7. Hoxa and Wnt Dynamic Interplay
Like reported before, Hoxa and Wnt regulation and cell signaling pathways are utilized to pattern organs and to specify the fate of organogenesis. For this reason, it is widely accepted that the complex and accurate process of organogenesis of the Müllerian reproductive tract could be addressed, at least in part, by a strict interaction between these two gene families. This interaction is variable in the course of time according to the different phases of development, during which Hox transcription factors specify positional identity, and Wnt signaling provides spatial information and promotes asymmetric cell division [185]. Another evidence of these two gene families interplay was derived by the work of Klapholz-Brown et al. [186]. They analyzed the Wnt transcriptional effects on the stromal cells that make up the scaffold and infrastructure of epithelial tissues during key-event as development, regulation of stem cell self-renewal and differentiation, cell polarity, and morphogenesis. They confirmed the previous results and suggest that Wnt induced key transcription factors for the development, including Hox genes. Moreover, they verified that Wnt3a induced a gene, named GREMLIN2, which encodes a secreted bone morphogenetic protein (BMP) antagonist. Additionally, Wnt3a signals for the maintenance of stem cell niches, by inhibiting their differentiation and promoting their expansion in microenvironment, through the induction of high level of BMP antagonist production by nearby fibroblasts.
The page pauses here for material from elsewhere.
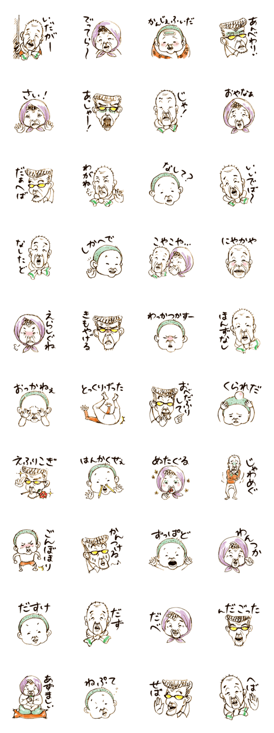 青森県野辺地町が津軽との境目とされ、三八上北や下北の一部、岩手県などで日常的に使用されている南部弁を、素朴なスタンプに仕上げました。みなして使ってけろ!

The importance of Hox gene cluster in the correct development process is also shared by Deschamps [187], who underlined the well-conserved genetic pathways during evolution of different animal species. As suggested, Hox cluster regulation prefigured the temporal colinearity of expression of these genes in vertebrates, addressing the development of specific embryonic structures. Consequently, it is possible that any disturbance during the Müllerian reproductive tract development may lead, first of all, to altered molecular interactions, then to modified intercellular communications, and finally to readdressing of developing structures and coregulation of common downstream targets. Remembering that the form is the expression of the function, also the function of a temporally and spatially altered developing tissue will be compromised. For an accurate overview of the Hoxa and Wnt interplay mechanism reported in this chapter, refer to Figure 1.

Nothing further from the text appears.